↓
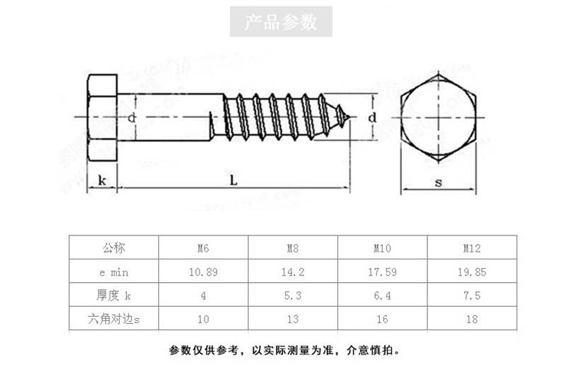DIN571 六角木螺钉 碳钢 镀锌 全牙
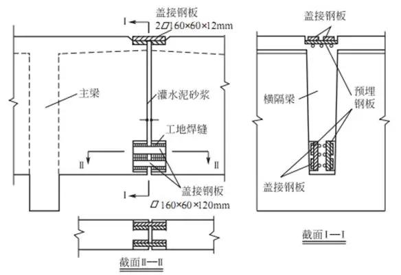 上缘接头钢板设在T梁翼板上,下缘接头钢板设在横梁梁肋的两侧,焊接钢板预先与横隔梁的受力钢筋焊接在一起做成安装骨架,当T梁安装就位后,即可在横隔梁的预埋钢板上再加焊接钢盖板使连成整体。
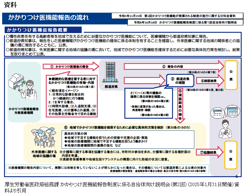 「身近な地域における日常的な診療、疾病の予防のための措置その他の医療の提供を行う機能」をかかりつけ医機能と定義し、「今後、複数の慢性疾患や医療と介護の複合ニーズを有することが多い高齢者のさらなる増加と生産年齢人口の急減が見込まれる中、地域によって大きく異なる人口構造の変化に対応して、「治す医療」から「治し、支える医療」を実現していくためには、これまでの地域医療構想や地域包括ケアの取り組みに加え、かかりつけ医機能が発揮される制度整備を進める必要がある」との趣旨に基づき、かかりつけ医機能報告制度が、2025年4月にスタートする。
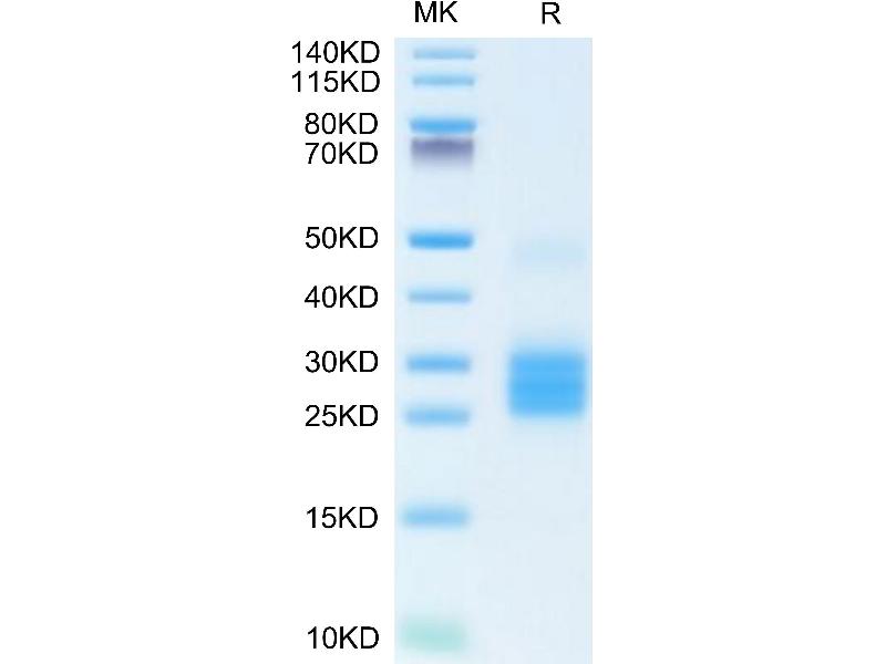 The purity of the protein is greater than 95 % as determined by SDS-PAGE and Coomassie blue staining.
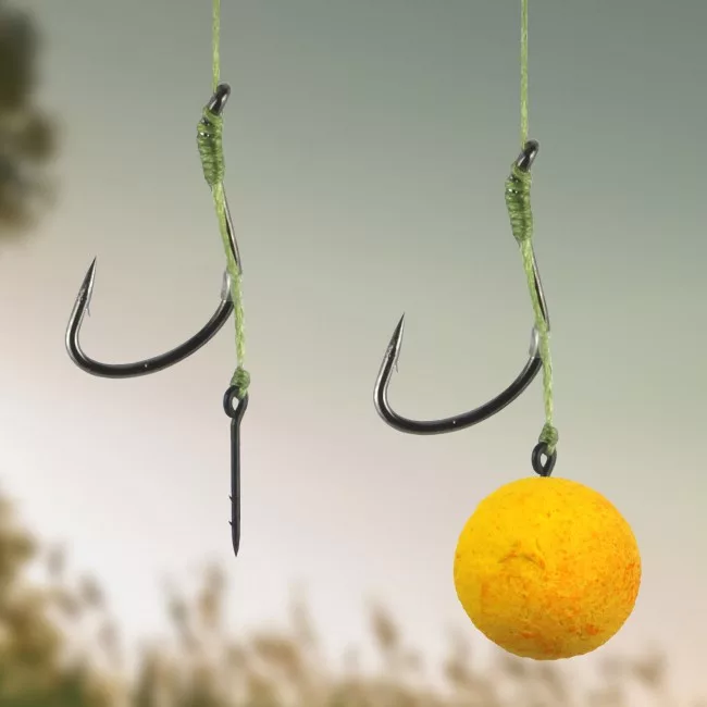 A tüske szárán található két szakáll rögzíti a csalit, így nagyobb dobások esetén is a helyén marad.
↑
↓
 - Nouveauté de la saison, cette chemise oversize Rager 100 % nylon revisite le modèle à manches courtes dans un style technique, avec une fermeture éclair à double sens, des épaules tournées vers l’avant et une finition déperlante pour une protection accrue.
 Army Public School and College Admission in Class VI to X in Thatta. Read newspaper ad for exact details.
↑
↓
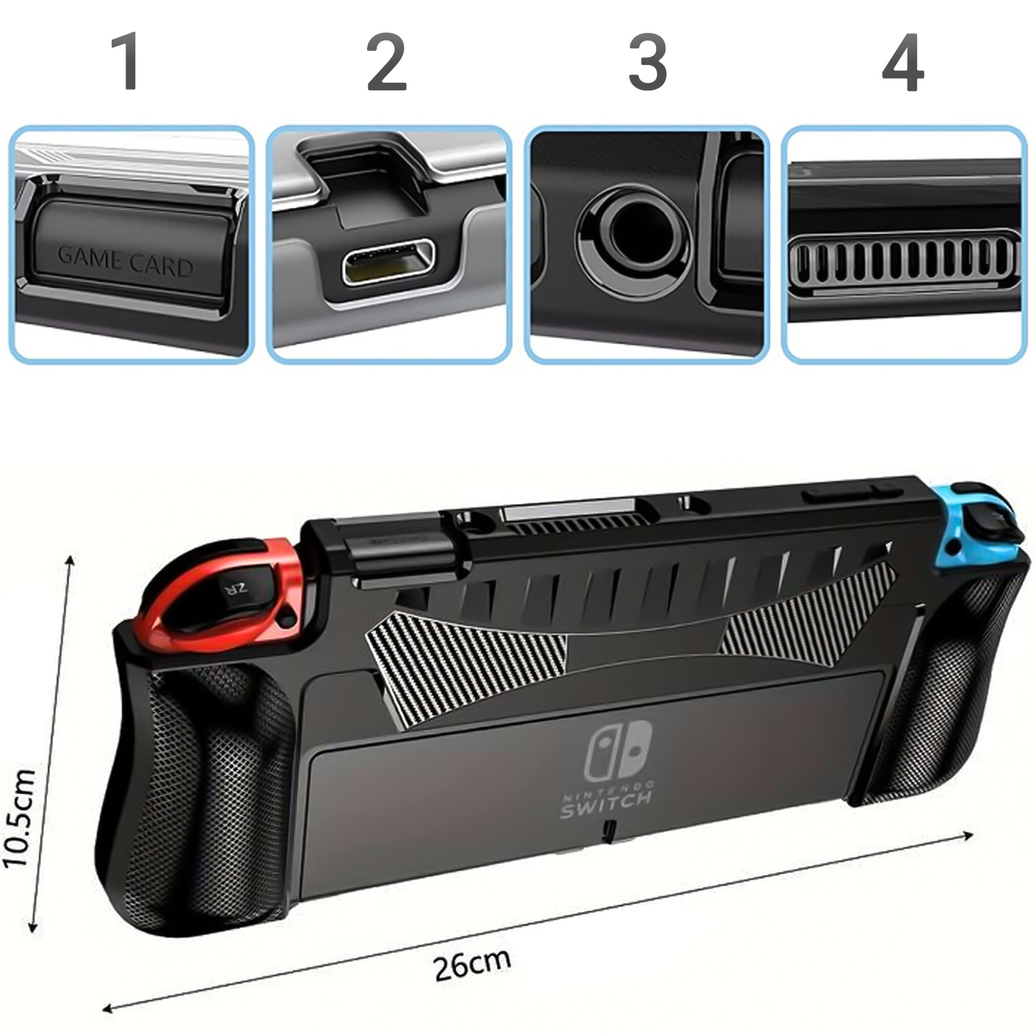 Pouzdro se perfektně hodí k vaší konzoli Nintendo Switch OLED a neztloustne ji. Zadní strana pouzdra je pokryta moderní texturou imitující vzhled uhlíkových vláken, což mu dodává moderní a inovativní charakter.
↑
| Aim of the exercise |
Using the material above, transcribe exactly the lines from the one holding "DIN571 六角木螺钉 碳钢 镀锌 全牙" to the one holding "上缘接头钢板设在T梁翼板上,下缘接头钢板", both ends kept. Do not carry over any pictures.

| Solution to the problem |
DIN571 六角木螺钉 碳钢 镀锌 全牙
 上缘接头钢板设在T梁翼板上,下缘接头钢板设在横梁梁肋的两侧,焊接钢板预先与横隔梁的受力钢筋焊接在一起做成安装骨架,当T梁安装就位后,即可在横隔梁的预埋钢板上再加焊接钢盖板使连成整体。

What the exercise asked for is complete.